OPINIÃO

Gabriel Dorfman é doutor em Arquitetura pela Technische Universität Berlin. Professor associado do Departamento de História da Arquitetura e do Urbanismo da Faculdade de Arquitetura e Urbanismo da Universidade de Brasília.

Gabriel Dorfman

 

Mostras de jardins existem há tempo na Europa: na Inglaterra, desde os anos 30 do século XIX. Na Alemanha, desde 1865.

 

No Brasil, tais mostras são inéditas. As possíveis causas disso vão desde sua inexistência nos Estados Unidos (fonte de tudo o que se imita no Brasil), até o fato de que elas pouco coadunam com o ritmo frenético que a cultura nacional vê como sinal de pujança e criatividade.

 

Jardins são como antíteses do que a alma nacional considera "moderno"; são vistos como objetos de um tempo que ficou para trás; áreas verdes que mostrem composição, ordem e intenção são vistas como arcaísmo. Espera-se das áreas verdes que elas pareçam bem "naturais" e "espontâneas"; por isso, disseminam-se as formas "livres" e pastiches dos jardins de Burle Marx.  

 

O campus da UnB é exemplo da opção pelos não jardins: colagem de edificações desconexas, envoltas e ocultas por vegetação que brota casual e "espontaneamente", desperdiçando-se aí a chance de prover o Distrito Federal de espaços forjados por claras intenções estéticas.

 

A amorfia do campus Darcy Ribeiro é amostra da amorfia da maioria das áreas verdes do Distrito Federal; nestas, como naquele, predomina o acaso, travestido de "espontâneo", "natural".

 

Assim, paradoxalmente, Brasília, com uma quantidade de áreas verdes única no país, carece de jardins. Perde-se a chance de convertê-la em capital brasileira dos jardins.

 

Constatam-se, portanto, duas carências: a insensibilidade para com o significado dos jardins no patrimônio cultural de uma nação (1ª.) e a falta desses objetos artísticos na capital dessa nação (2ª.).

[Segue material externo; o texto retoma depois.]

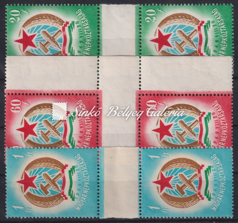 Leírás | 1949. Alkotmány (I.) Teljes sor ívközéprészes párban, XI. vízjeles papíron! / 1949. Constitution (I.) Complete set in pair with midsection, and on paper with XI. watermark! |
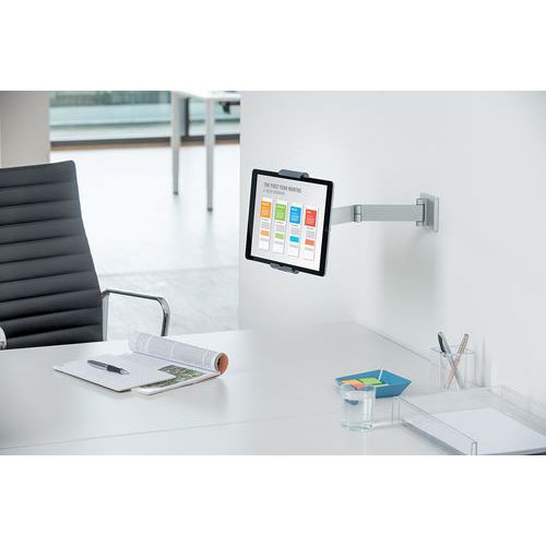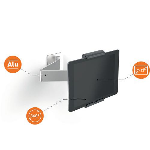 | Intitulé du produit | Support tablette mural avec bras articulé, Charge maxi: 1 kg, Épaisseur: 95 mm, Matériau: Aluminium |
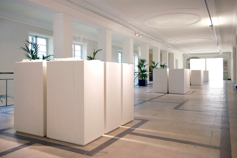 Display Ausstellungsgestaltung Entwurf einer Kollektion von Displayobjekten für wechselnde Ausstellungen. Die Objekte verstehen sich als mobil gewordene Verwandtschaft der Wandreliefs und fügen sich in die grafischen Ordnung von Decken- und Bodenfeldern ein. 24 Sockelobjekte und 4 Wanddisplays
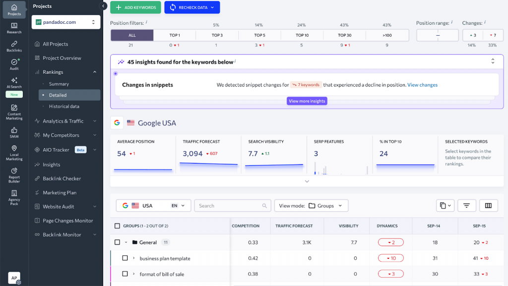 - Rank Tracker to stay on top of daily keyword movements, traffic changes, SERP features, and overall visibility to track growth and competitive shifts.
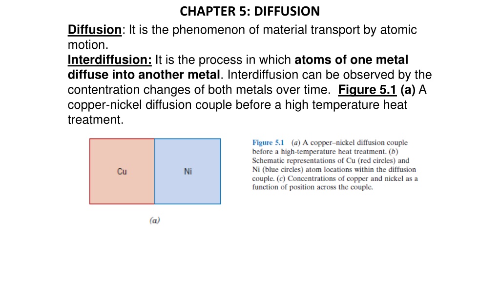 CHAPTER 5: DIFFUSION Diffusion: It is the phenomenon of material transport by atomic motion. Interdiffusion: It is the process in which atoms of one metal diffuse into another metal. Interdiffusion can be observed by the contentration changes of both metals over time. Figure 5.1 (a) A copper-nickel diffusion couple before a high temperature heat treatment.

A realização em Brasília da 1ª. Mostra Brasileira de Jardins permitiria superar essas duas carências simultaneamente; de quebra, brasileiras/os teriam chance de relativizar os preconceitos que grassam contra sua capital, maior realização cultural do país no século XX.

 

Brasília é cenário adequado à realização desse projeto, primeiro, porque foi concebida como uma cidade-jardim.

 

Segundo, porque o clima de Brasília se presta a um evento como esse, que deve desenrolar-se a céu aberto, com temperaturas amenas e sem a ameaça de chuvas.

 

Terceiro, porque Brasília é equidistante de todas as regiões do Brasil.

 

Quarto, porque Brasília, sendo capital da nação, deve ser ponto de encontro das correntes culturais que compõem a nação, o que pode ser representado na mostra implantando-se jardins com características dos vários biomas brasileiros.

 

De resto, abundam em Brasília os espaços aptos a dar suporte à diversidade de temas de uma mostra de jardins: as praças secas dos setores culturais, comerciais e administrativos, por exemplo, são ideais para receberem pérgolas e vasos com árvores e arbustos, criando ali zonas de estar sombreadas e aprazíveis; já os gramados dos Eixos e Esplanadas poderão ser definitivamente configurados, tornando-se verdadeiros JARDINS.

 

Dentre os espaços carentes de configuração, estão as 128 superquadras do Plano Piloto; cochilam ali ambientes dotados de dimensões e formatos próprios das praças da cultura urbanística ocidental, esperando que a vegetação (além de outros elementos paisagísticos) seja utilizada para realizar esse potencial inexplorado. Uma mostra de jardins seria o momento de revelar ao mundo as centenas de praças adormecidas de Brasília.

 

Resumindo: o legado de uma Mostra de Jardins beneficiaria a vida dos habitantes do Distrito Federal, estendendo a todos as excepcionais qualidades urbanas que têm sido monopólio dos privilegiados que vivem no Plano Piloto e nas zonas contíguas a ele. A isso somar-se-ia o (re)conhecimento de que jardins NÃO ESTÃO extintos, sendo sua principal missão a de trazer beleza e sentido ao mundo que os seres humanos constroem em meio ao caos universal.